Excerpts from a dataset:

☆ ☆ ☆ ☆ ☆

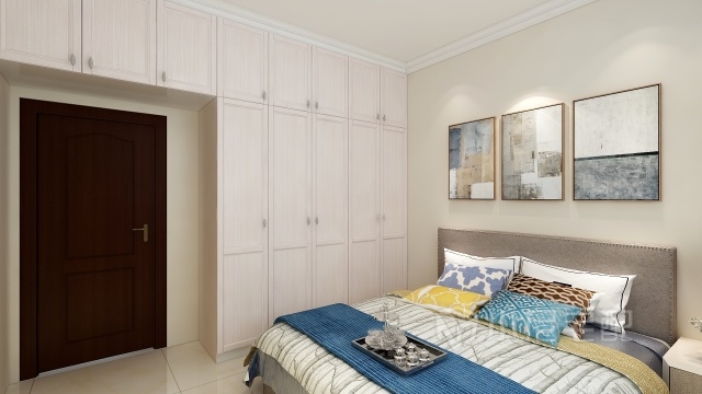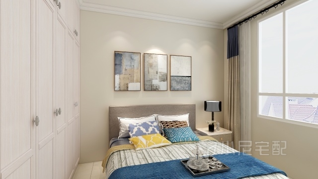 臥室以簡約為主,米黃色墻面溫馨
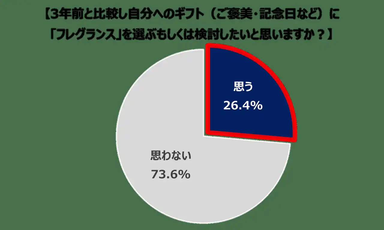 | ◆4人に1人が、3年前と比べて「自分へのギフト(ご褒美・記念日)に『フレグランス』を選ぶもしくは検討したい」。身だしなみや美容へのニーズの他、「推しが使っているものを試してみたい」という声も。 | ||||||||
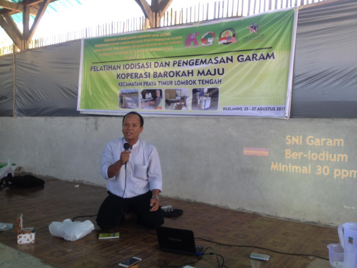 Pada pelatihan tersebut, baik pengurus maupun petani garam mendapatkan pengetahuan tentang perbandingan garam dengan KIO3 (Kalium Iodat) untuk selanjutnya di fortifokasi. Baik menggunakan mesin ( bagi pengurus koperasi) ataupun dengan cara manual (bagi produsen garam rakyat). “eakt doang, te bani ndek. Laun tepolisiangt” (pasti kami lakukan iodisasi, gak berani nanti kami ditangkap polisi),ungkap salah satu peserta seraya menunjuk ke layar yang sedang menampilkan Standar Nasional Indonesia (SNI) No. 01–3556 tahun 1994 dan Kepmen No. 77/1995 garam yang digunakan harus mengandung yodium sebesar 30 – 80 ppm dan Kepres No. 69 Tahun 1994 tentang garam beryodium. Iodisasi pada garam penting dilakukan untuk meningkatkan zat gizi yang dibutuhkan penduduk dalam jumlah yang cukup. Peningkatan zat gizi dilakukan dengan penambahan kalium iodida (KI) atau kalium iodat (KIO3) ke dalam garam dengan komposisi 40-80 ppm. Kalium iodat (KIO3) lebih sering digunakan dalam proses iodisasi karena sifatnya yang lebih stabil dalam garam murni pada penyerapan dan kondisi lingkungan yang baik, dan tidak menyebabkan perubahan warna dan rasa garam
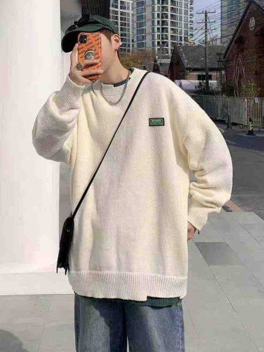 秋冬新款男女同款日系假两件宽松潮流百搭贴标套头毛衣...
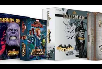 La imagen que veis arriba esta sacada de la página web de There will be Games, que a su vez esta sacada de la web de la feria comercial GAMA 2019 para la parte de USAopoly. Parece que esta anunciado el lanzamiento de Batman Talisman o al menos, va a ser presentado junto a otros juegos que no son de la licencia Talisman, que son los que veis en la imagen (De hecho, dos de ellos, el de Capitán Marvel y el de Harry Potter ya han sido presentados en otros eventos).
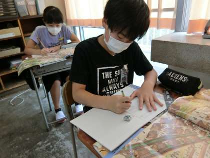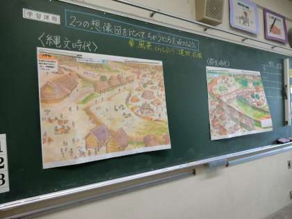 6年生。縄文時代と弥生時代の想像図を比べながら、違いを見つける学習をしています。
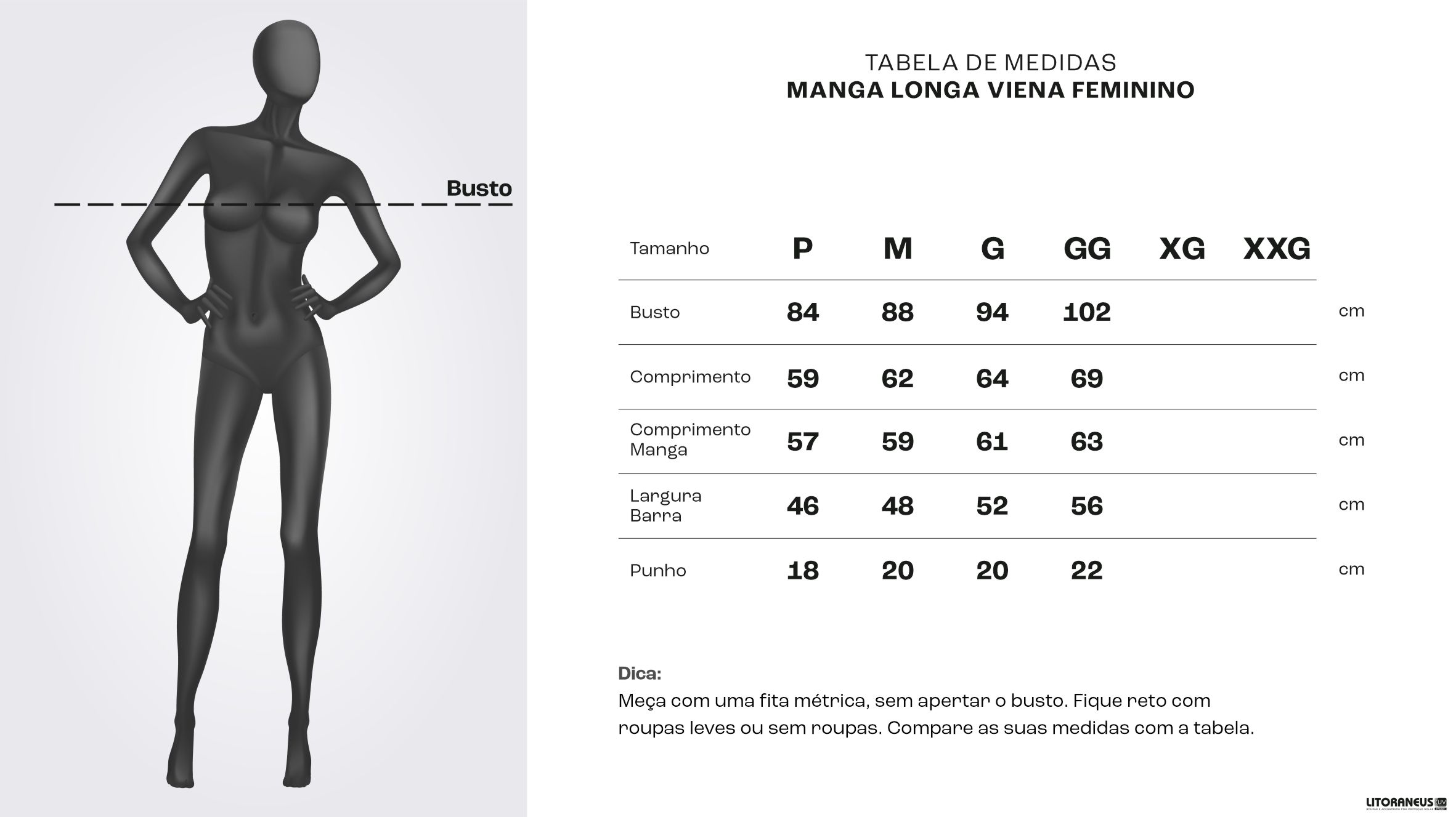 Conforto e proteção se encontram neste modelo de manga longa com caimento leve e toque suave. A Viena valoriza a silhueta feminina com um corte moderno e acabamento impecável, garantindo elegância até nos dias mais ensolarados.

☆ ☆ ☆ ☆ ☆

Print the records again exactly, without the pictures.

OUTPUT ▸
 臥室以簡約為主,米黃色墻面溫馨
 | ◆4人に1人が、3年前と比べて「自分へのギフト(ご褒美・記念日)に『フレグランス』を選ぶもしくは検討したい」。身だしなみや美容へのニーズの他、「推しが使っているものを試してみたい」という声も。 | ||||||||
 Pada pelatihan tersebut, baik pengurus maupun petani garam mendapatkan pengetahuan tentang perbandingan garam dengan KIO3 (Kalium Iodat) untuk selanjutnya di fortifokasi. Baik menggunakan mesin ( bagi pengurus koperasi) ataupun dengan cara manual (bagi produsen garam rakyat). “eakt doang, te bani ndek. Laun tepolisiangt” (pasti kami lakukan iodisasi, gak berani nanti kami ditangkap polisi),ungkap salah satu peserta seraya menunjuk ke layar yang sedang menampilkan Standar Nasional Indonesia (SNI) No. 01–3556 tahun 1994 dan Kepmen No. 77/1995 garam yang digunakan harus mengandung yodium sebesar 30 – 80 ppm dan Kepres No. 69 Tahun 1994 tentang garam beryodium. Iodisasi pada garam penting dilakukan untuk meningkatkan zat gizi yang dibutuhkan penduduk dalam jumlah yang cukup. Peningkatan zat gizi dilakukan dengan penambahan kalium iodida (KI) atau kalium iodat (KIO3) ke dalam garam dengan komposisi 40-80 ppm. Kalium iodat (KIO3) lebih sering digunakan dalam proses iodisasi karena sifatnya yang lebih stabil dalam garam murni pada penyerapan dan kondisi lingkungan yang baik, dan tidak menyebabkan perubahan warna dan rasa garam
 秋冬新款男女同款日系假两件宽松潮流百搭贴标套头毛衣...
 La imagen que veis arriba esta sacada de la página web de There will be Games, que a su vez esta sacada de la web de la feria comercial GAMA 2019 para la parte de USAopoly. Parece que esta anunciado el lanzamiento de Batman Talisman o al menos, va a ser presentado junto a otros juegos que no son de la licencia Talisman, que son los que veis en la imagen (De hecho, dos de ellos, el de Capitán Marvel y el de Harry Potter ya han sido presentados en otros eventos).
 6年生。縄文時代と弥生時代の想像図を比べながら、違いを見つける学習をしています。
 Conforto e proteção se encontram neste modelo de manga longa com caimento leve e toque suave. A Viena valoriza a silhueta feminina com um corte moderno e acabamento impecável, garantindo elegância até nos dias mais ensolarados.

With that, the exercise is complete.